In this chapter, we describe one method for generating your own set of filter coefficients. Here we demonstrate how wavelets can be designed to suit almost any general application, but in this chapter we concentrate on designing wavelets for the classification of spectral data. In Chapter 18, we extend the principle of the adaptive wavelet algorithm to regression and classification. Since wavelets can be derived from their respective filter coefficients, we generate the filter coefficients which optimize a relevant criterion function. We introduce a wavelet matrix called A which stores both the low-pass and high-pass filter coefficients. Instead of optimizing over each element in A, we make use of the factorized form [1] of a wavelet matrix and the conditions placed therein to reduce the number of parameters to be optimized. Since the filter coefficients gradually adapt to the application at hand, the procedure for designing the task specific filter coefficients is referred to as the adaptive wavelet algorithm (A W A). This should not be confused with the adaptive wavelets of Coifman and Wickerhauser who refer to adaptive wavelets as a procedure for constructing a best basis [2] (see Chapter 6).

There exist other applications involving the optimization of wavelets. This includes the work performed by Telfer et al. [3] and Szu et al. [4]. In [3] the shift and dilation parameters of the discretization of a chosen wavelet transform are optimized, while [4] sought the optimal linear combination of predefined wavelet bases for the classification of speech signals. In both papers, the wavelet features are updated by adaptively computing the wavelet parameters and shape. This is a form of integrated feature extraction which also makes use of neural networks. Sweldens [5] also discusses a lifting scheme for the construction of biorthogonal second generation wavelets.
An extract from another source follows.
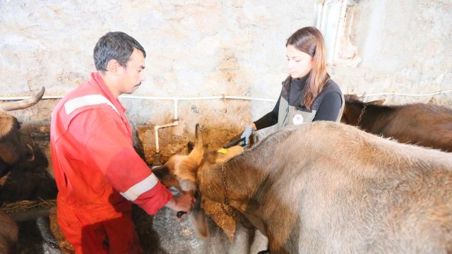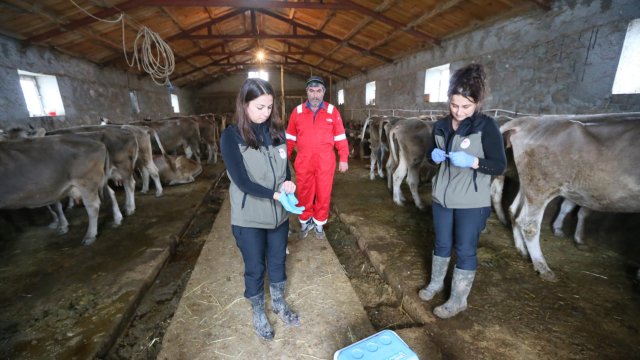 Kars Tarım ve Orman İl Müdürlüğü Hayvan Sağlığı Şubesi'nde Hayvan Hastalıklarıyla Mücadele biriminde görevli veteriner hekim Elif Ekiz ve Alev Tazegül, mesai mefhumu gözetmeksizin köy ve beldelerdeki besi çiftlikleriyle ahırları dolaşıp hayvan hastalıklarıyla mücadele ediyor. Veteriner hekimler, belirledikleri güzergahtaki köylerdeki büyükbaşları salgın hastalıklardan korumak için aşılıyor. Yeni doğan yavruları da kimliklerini oluşturmak amacıyla küpeleyen ekipler, besicileri salgın hastalıklar konusunda da bilgilendiriyor. Yeni doğan buzağılara brusella, kedi ve köpeklere kuduz aşısı yapan Ekiz ve Tazegül, çalışmalarını zor şartlara rağmen sürdürdüklerini anlatıyor.

The main distinction between [3,4,5] and our algorithm is that the filter coefficients are generated from first principles - without any reference to predefined families. Our approach also allows for the general m-band wavelet transform to be utilized, as well as the more common 2-band wavelet transform. The adaptive wavelet algorithm presented in this chapter is an extension of the material presented in [6] who introduced adaptive wavelets for the detection and removal of disturbances from signals.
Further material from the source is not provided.